It got me thinking about GPU prices and where the happy medium is when it comes to price and performance of GPUs
I'm going to warn you this isn't going to hold true for everyone and its going to differ based on your experience contacts and other stuff.

So which is better build one expensive system or put together a render farm and make use of less costly hardware.
When it comes to GPUs there seems to always be a point at which the value of the GPU starts exceeding the amount of work it can produces especially when you move toward more bleeding edge and newer hardware. Right now I can find GPU cards in the $150 price range that get about 1/4 to 1/3 or more performance of the rtx2080 ti which costs $1000+ . That 1000 being the low end of those prices.

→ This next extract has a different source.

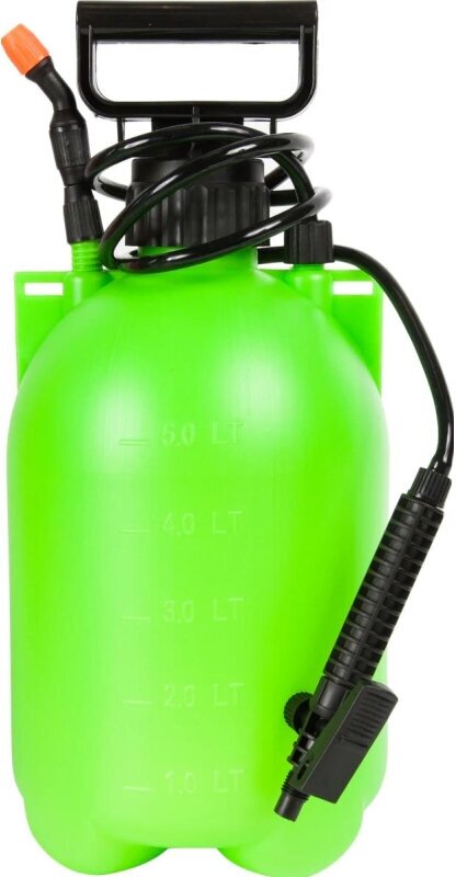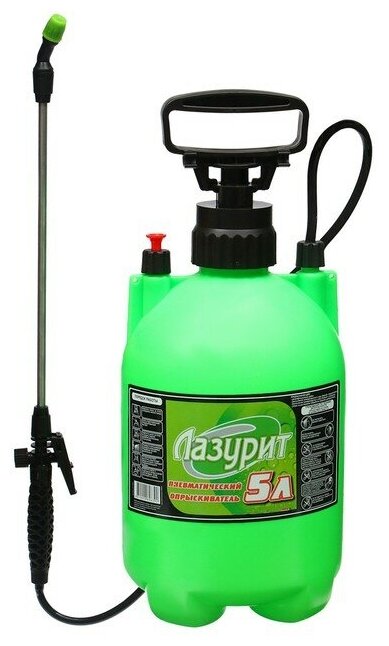 Опрыскиватель «Лазурит» пневматический предназначен для распыления жидких растворов удобрений, растворов химикатов для борьбы с вредителями и болезнями растений, а также для дезинфекционных работ. Распыление жидкости происходит под давлением 0,1–5 бар. Полипропиленовый корпус диаметром 180 мм имеет объем 5 л, устойчив к воздействию ультрафиолета. Шланг длиной 1,13 м изготовлен из ПВХ.

So even if we take the worst case of 1/4 performance for that price I can by 6 GPUs. There are ways to get those all in one system. People do it for GPU mining. If it will work for rendering applications I haven't tried. So I won't speculate. However, we can put them in a bunch of cheap systems.

There are a number of ways of acquiring the cheap systems. You could go the Aliexpress way or you could look for a refurbisher and by the systems in bulk from them and try and get a discount. They also tend to sell units in various grades such as A,B,C. C tends to have mostly cosmetic defects but still function. To me that's a no-brainer I don't give two shits what they look like just they work.

In short with a bit of haggling and using contacts I have I can for around the same price I would pay for a 32 core system with an RTX 2080ti in it I can put nearly 10 systems together with about 1/3 the performance each.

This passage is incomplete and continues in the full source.